Он слегка припадал на правую ногу. Травма молодости давала о себе знать. И все чаще графа Харве можно было увидеть с тростью в руках. Но сегодня он ею пренебрег, будто стараясь казаться перед сыновьями сильнее, чем он есть на самом деле.
— Что-то стряслось? — подал голос старший из сыновей.

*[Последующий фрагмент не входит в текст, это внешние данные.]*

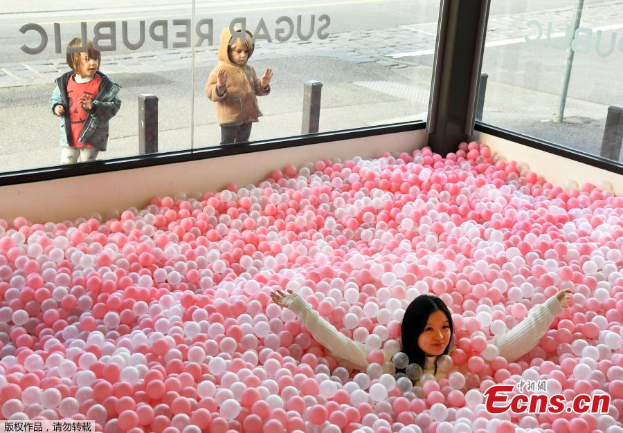 A visitor to Sugar Republic plays in a display of balls resembling lollies in Melbourne on July 24, 2018. Sugar Republic is an interactive pop-up museum dedicated to the celebration of desserts, candy and all things sweet through 12 amazing sensory rooms. (Photo/Agencies)

Высокий смуглый мужчина с обритой наголо головой. Его глаза, такие же ярко-синие, как и у Найджела, смотрели с подозрением и осторожностью. Отец мог сообщить сейчас всем как добрую весть, так и объявить, что начинается война.
— Стряслось, — не стал успокаивать своего наследника граф. — На пороге моего дома появились ревнители. Никто мне ничего не хочет сказать?
У Найджела перехватило дыхание. Дурное предчувствие сжало горло ледяными щупальцами. Он дернулся, будто от удара.
— Это я их позвал, — шаг вперед сделал Дархар — средний брат. Выше Найджела на целую голову. С непослушными черными кудрями и непомерно широкими плечами. Он единственный унаследовал цвет глаз отца — черный.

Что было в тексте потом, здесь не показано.